Detecting and Predicting Aquatic Invasive Species Transmission Via Seaplanes in Alaska

Elodea spp. (Elodea) is Alaska’s first known invasive aquatic plant, first discovered in urban lakes in 2010. The combination of human pathways and climate change related shifts in seasonality and temperature have resulted in Elodea’s range expansion into Alaska’s freshwater resources. Elodea transmission often occurs when plant fragments get entangled in seaplane rudders and are carried to remote waterbodies where they quickly establish dense plant growth. This growth inhibits seaplane access and drastically alters aquatic ecosystems. Recent research showed that Elodea can have significant negative impacts on parks, subsistence, aviation‐related recreation, and Alaska’s salmon fisheries. For example, the economic loss for commercial sockeye fisheries from Elodea is estimated at $159 million/year.   

Alaska has the opportunity now to improve management tools that prevent and minimize further Elodea spread, economic loss, and degradation of native ecosystems. However, the understanding of Elodea transmission needs to be improved to inform these tools. Despite the high economic and ecological risk, little is known about seaplane transmission processes. Currently, the seaplane risk assessment that Alaska’s agencies use to target detection efforts covers only 700 out of over 200,000 possible destinations statewide. To address these gaps, this project will leverage existing data and partnerships between Alaska’s resource management agencies, and the University of Alaska Fairbanks International Arctic Research Center and University of Alaska Lab for Data Science and Artificial Intelligence The objectives of this work are to: 1) develop a system to automatically detect entangled aquatic vegetation on seaplanes using FAA‐permissible cameras and artificial intelligence, and 2) expand existing predictive models for aquatic invasive species introduction risk to encompass a much larger risk domain than currently available for agency management.  

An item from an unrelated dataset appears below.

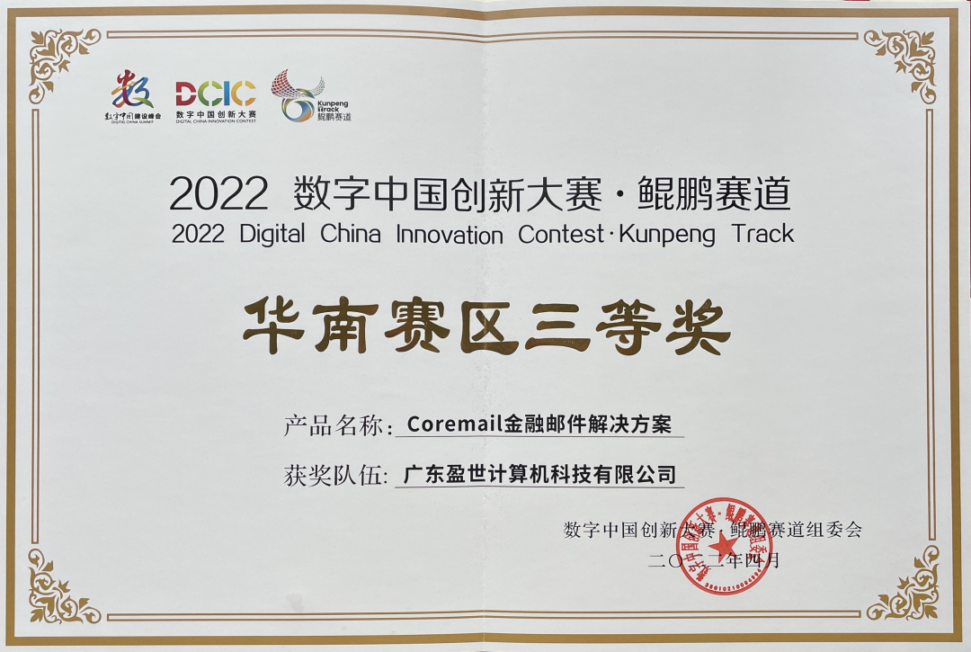 7月15日下午,2022數(shù)字中國創(chuàng)新大賽·鯤鵬賽道華南賽區(qū)頒獎典禮順利舉行,廣東盈世從眾多隊伍中脫穎而出,憑借著Coremail金融郵件解決方案自主可控的技術(shù)實踐和開放靈活的系統(tǒng)應用榮獲華南賽區(qū)三等獎。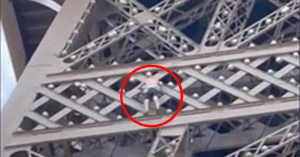 La Tour Eiffel è stata brevemente evacuata dai visitatori questo pomeriggio dopo che è stato avvistato un uomo, a torso nudo, che scalava il monumento appena al di sopra dei cinque cerchi olimpici.

The development of an in‐flight warning system could inform pilots about vegetation entanglement, allowing them to immediately mitigate transmission, and the expanded pathway model will allow agencies to have much more comprehensive information on the seaplane pathway, thus improving current monitoring practices to focus beyond known seaplane destinations. The project will directly inform agencies’ detection and monitoring efforts aimed at eradicating Elodea in Alaska. Nationwide, the research will fill critical information gaps on how seaplanes carry aquatic invasive species, addressing an increasing concern of federal resource managers across the contiguous United States.